If I had to name one figure from the past 10 years whose influence is going to be unmatched on people who make music, it’s Lil Ugly Mane. I’ve noticed a lot of producers on Soundcloud and Bandcamp taking up the mantle of what he did and implementing it in their own music. I think him and Spaceghostpurrp are enormous influences that have emerged in the past decade.

(Photo by Canyon Clark.)

“Clutch”

(Young: People have begun to piece together that the sample here is from the “hijacking” incident on WKCR that was re-uploaded to 4chan, I think.)

The only reason that this track exists is that I needed an intro for the album, but a fun fact is that the reason that I found that sample to begin with is because I have a terrible addiction to Tik Tok. That audio was trending, with teenagers trying to scare the shit out of each other.

“No Runner”

When I was making this song last year, I was beginning to feel overwhelmed with the state of the world. There were incursions into Syria by the Turkish government, and the situation in the Middle East and America was getting bad. I was listening to a lot of avant garde jazz, because it was channeling the kinetic nervousness that was in me at all times. I felt I needed to get that stress out in some sense, so I was working on this one track chock-full of dense neurotic stuff like house music and free jazz slapped together, and I added all these samples in to act as instruments bouncing off each other. It was cathartic for me.

I sampled a beautiful vocal section that comes in at the end of the Jimmy Eat World song “Goodbye, Sky Harbor” from Clarity. I didn’t want to make something that’s stressful and abruptly ends. I wanted to give this sense of relief, that at some point, if you persist through this dissonant, turbulent time in history, that things have to improve at some point through human effort. That was my sign to myself that things are stressful, but you can’t get complacent – there can be light at the end of the tunnel.

“Platypus”

The lyrics on that are difficult to make out. A lot of the phrases are made up from sections of Jewish apocrypha, mystic texts, and nonsense phrases from Dante’s Divine Comedy and from 8 1/2 by Fellini.
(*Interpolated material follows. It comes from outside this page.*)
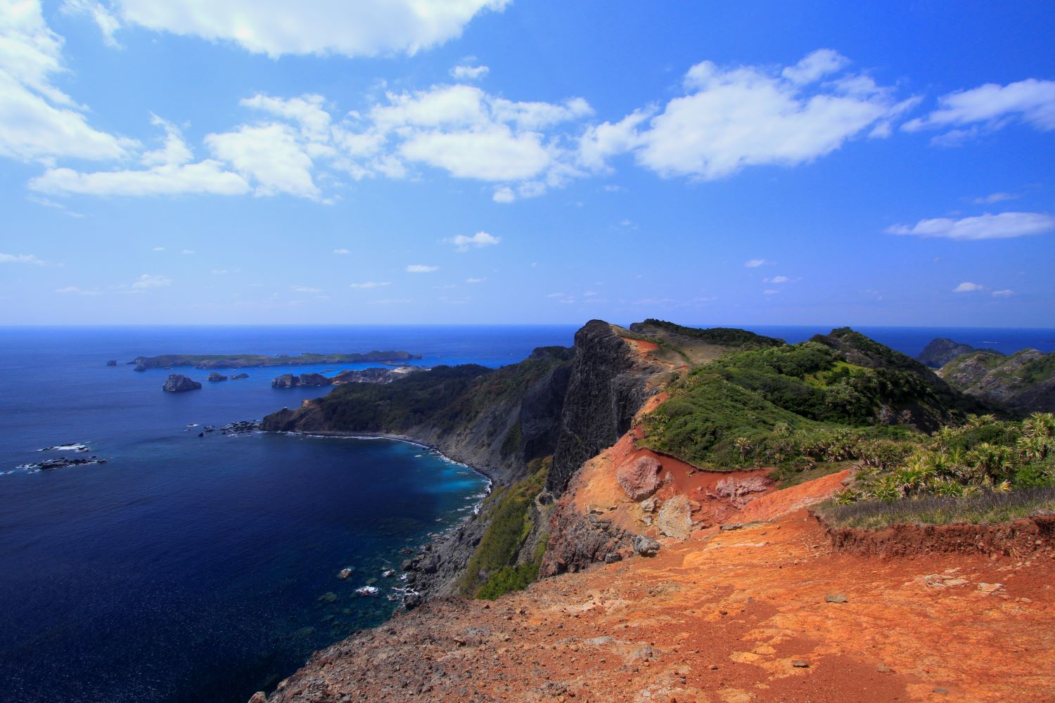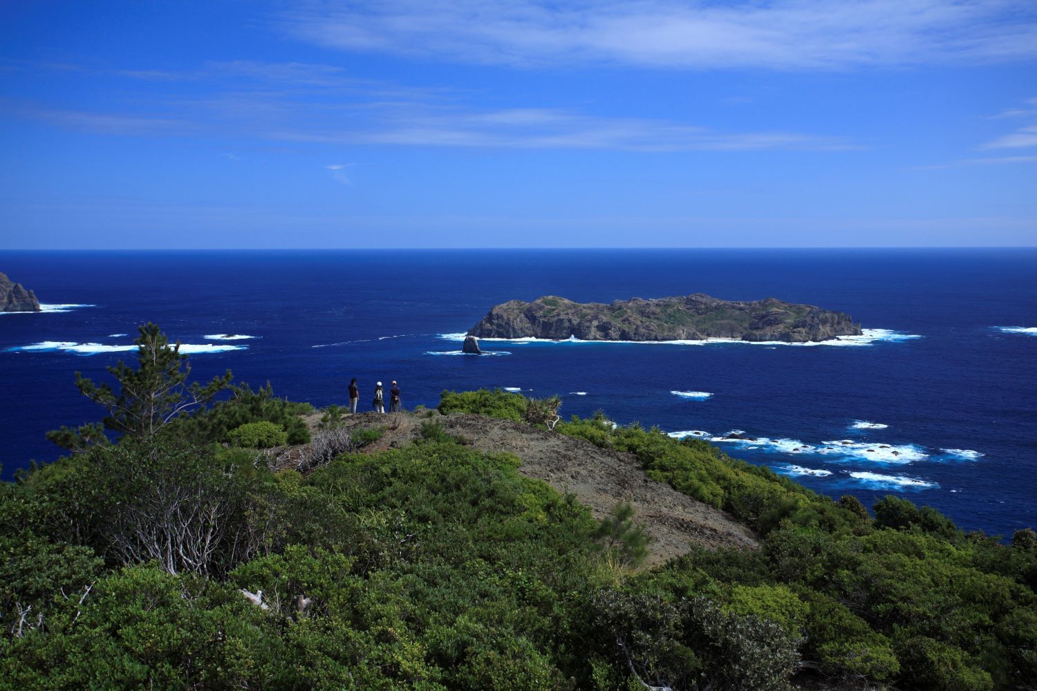 ハートロックの頂上は、目の前に何も遮るものがない断崖絶壁。ボニンブルーの水平線をたどると、南島や母島までを一望でき、その絶景に胸を打たれます。

This entire song is about how, sometimes, to express particular notions in a situation or a context, words come up short, so you almost have to reach for nonsense or gibberish. A lot of this song is about how I came from a family of immigrants; we’re all expected to speak the language of the West even when that language comes short of describing who we are at some points.

“Flood”

I wrote "Flood" at a time when I was getting into a new relationship, and at the same time I was sure how my future was going to go. Things were not going so hot for me, and I was wondering if it would be fair to this person to promise them a future that maybe I couldn’t give them. A lot of the song is about this feeling of anxiety just flooding over you. The use of that one SWV sample was almost ironic or sarcastic. That’s one of my favorite love songs of all time, it’s a beautiful R&B song, but it was also this sureness about giving yourself fully to somebody that I didn’t feel like I could do.

“Swoon”

That song is dedicated to my partner. It was my followup to "Flood", like, despite all this uncertainty, I still want to have a life together with you.

“Funeral Parade of Roses”

That song was me dealing with the deaths of several family members. I originally had a verse penned for it, but the way Coin Locker Kid described the death of his mother and the displacement of his household through various metaphors was just so perfect that I felt like putting my own verse on it would be redundant.

“On My Way Out”

I needed to finish the album off. At the time, I was thinking about family members on my dad’s side who had died in the past years, and how I hadn’t been able to go back to my home country to speak to them for a long time. I also felt like I was letting myself down in my personal and professional life, and in some ways, my idealized version of what I wanted my life to look like was falling apart. This song came from the feeling that I couldn’t be there for people, and I was not only failing them, but myself. It's about not pulling through for people, and whether they’ll remember you when you depart from this world.